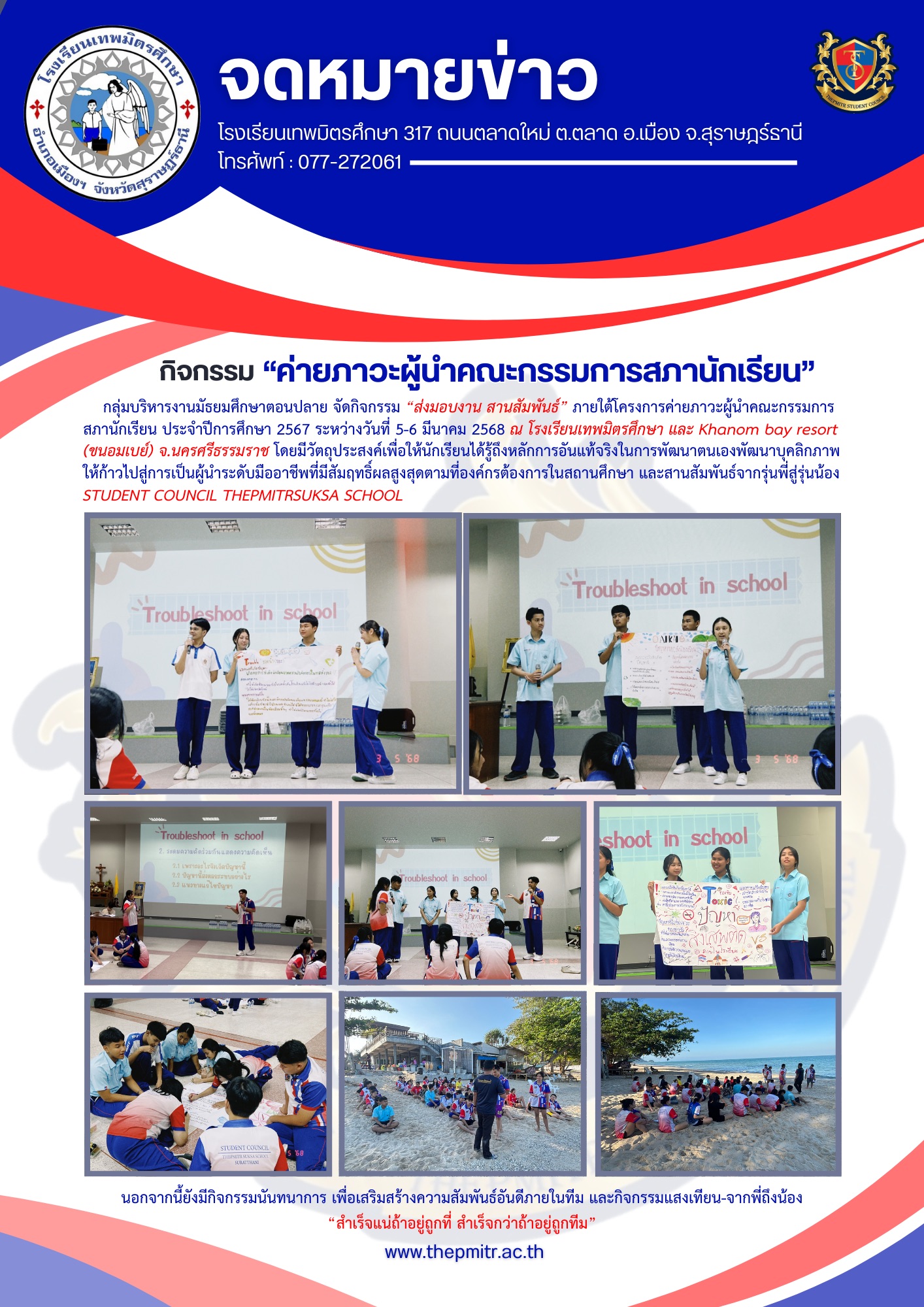 » กลุ่มบริหารงานมัธยมศึกษาตอนปลาย จัดกิจกรรม "ส่งมอบสานสัมพันธ์" ภายใต้โครงการค่ายภาวะผู้นำคณะกรรมการสภานักเรียน ประจำปีการศึกษา 2567
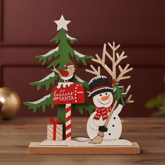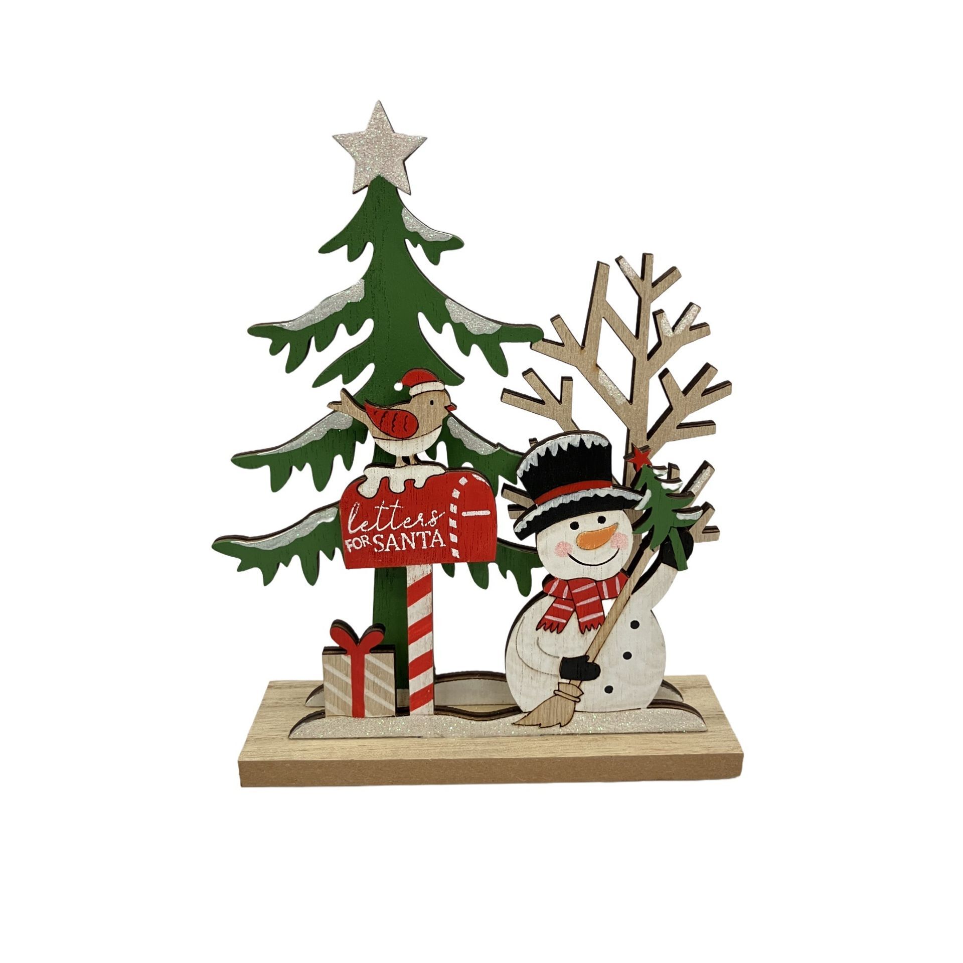 A wooden Christmas decoration featuring a cheerful snowman, layered pine-green tree, and playful signpost reading "Santa", all finished with pops of red and snowy white detail for a whimsical effect. Brings together classic festive icons with a modern, joyful twist and tactile accents.
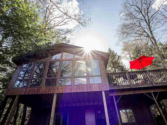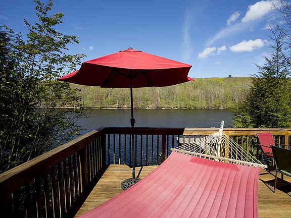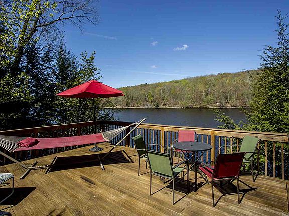 Catskills Sunset Views Lake House Getaway. Only 90 min from GWB. 3 BR, 2 1/2 baths, 2 decks and ramp to your own dock on the longest motorboat lake in the county. Ultimate great room has cathedral ceilings, lots of glass and light, big dining area, fireplace of course, fun kitchen. You'll love the "Skylight Lounge," your lake view cedar 3 season sun room with mirror disco ball. MBR suite has spa shower. 2 guest/family bedrooms and another full bath. Low maintenance. Oversized garage has plenty of extra storage space and maybe this will be your studio. More private than many lakefronts, on a dead end road. Airbnb income if you'd like is a plus. This lake home is the superb getaway, perfectly located near the best of the Catskills, with great views of the water, sunset and eagles. Reduced to $450K. Come relax and rejuvenate at your Country LAKEHOUSE!
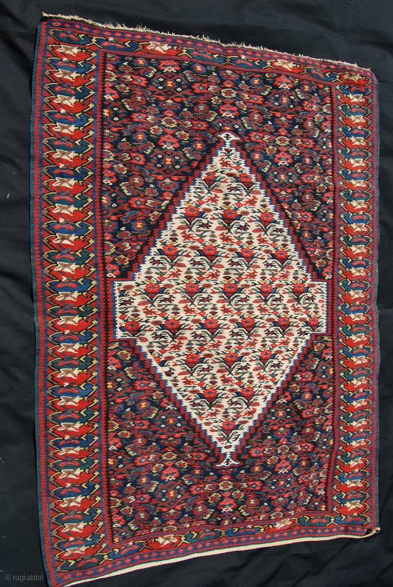 Beautiful Senneh/Sinna kilim. Kurdistan, Western Iran. Cm 105x150. Late 19th/early 20th century. Mint conditions. Great, deep, saturated, natural colors. Lovely pattern with flowers, animals, symbols, etc. See more pics on Facebook: http://www.facebook.com/media/set/?set=a.10151277348899258.521308.358259...
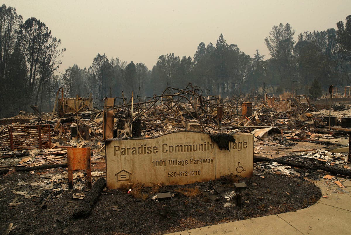 A sign stands at a community destroyed by the Camp fire in Paradise, CA. Most homes are gone, as are hundreds of shops and other buildings. The supermarket, the hardware store, Dolly-O-Donuts & Gifts where locals started their day with a blueberry fritter and a quick bit of gossip, all gone. The town quite literally went up in smoke and flames in the deadliest, most destructive wildfire in California history. (AP Photo/John Locher, File)

========================================================================

» **PROBLEM**
Would you reproduce each line of the material exactly, omitting the images?

» **REPLY**
 » กลุ่มบริหารงานมัธยมศึกษาตอนปลาย จัดกิจกรรม "ส่งมอบสานสัมพันธ์" ภายใต้โครงการค่ายภาวะผู้นำคณะกรรมการสภานักเรียน ประจำปีการศึกษา 2567
 A wooden Christmas decoration featuring a cheerful snowman, layered pine-green tree, and playful signpost reading "Santa", all finished with pops of red and snowy white detail for a whimsical effect. Brings together classic festive icons with a modern, joyful twist and tactile accents.
 Catskills Sunset Views Lake House Getaway. Only 90 min from GWB. 3 BR, 2 1/2 baths, 2 decks and ramp to your own dock on the longest motorboat lake in the county. Ultimate great room has cathedral ceilings, lots of glass and light, big dining area, fireplace of course, fun kitchen. You'll love the "Skylight Lounge," your lake view cedar 3 season sun room with mirror disco ball. MBR suite has spa shower. 2 guest/family bedrooms and another full bath. Low maintenance. Oversized garage has plenty of extra storage space and maybe this will be your studio. More private than many lakefronts, on a dead end road. Airbnb income if you'd like is a plus. This lake home is the superb getaway, perfectly located near the best of the Catskills, with great views of the water, sunset and eagles. Reduced to $450K. Come relax and rejuvenate at your Country LAKEHOUSE!
 Beautiful Senneh/Sinna kilim. Kurdistan, Western Iran. Cm 105x150. Late 19th/early 20th century. Mint conditions. Great, deep, saturated, natural colors. Lovely pattern with flowers, animals, symbols, etc. See more pics on Facebook: http://www.facebook.com/media/set/?set=a.10151277348899258.521308.358259...
 A sign stands at a community destroyed by the Camp fire in Paradise, CA. Most homes are gone, as are hundreds of shops and other buildings. The supermarket, the hardware store, Dolly-O-Donuts & Gifts where locals started their day with a blueberry fritter and a quick bit of gossip, all gone. The town quite literally went up in smoke and flames in the deadliest, most destructive wildfire in California history. (AP Photo/John Locher, File)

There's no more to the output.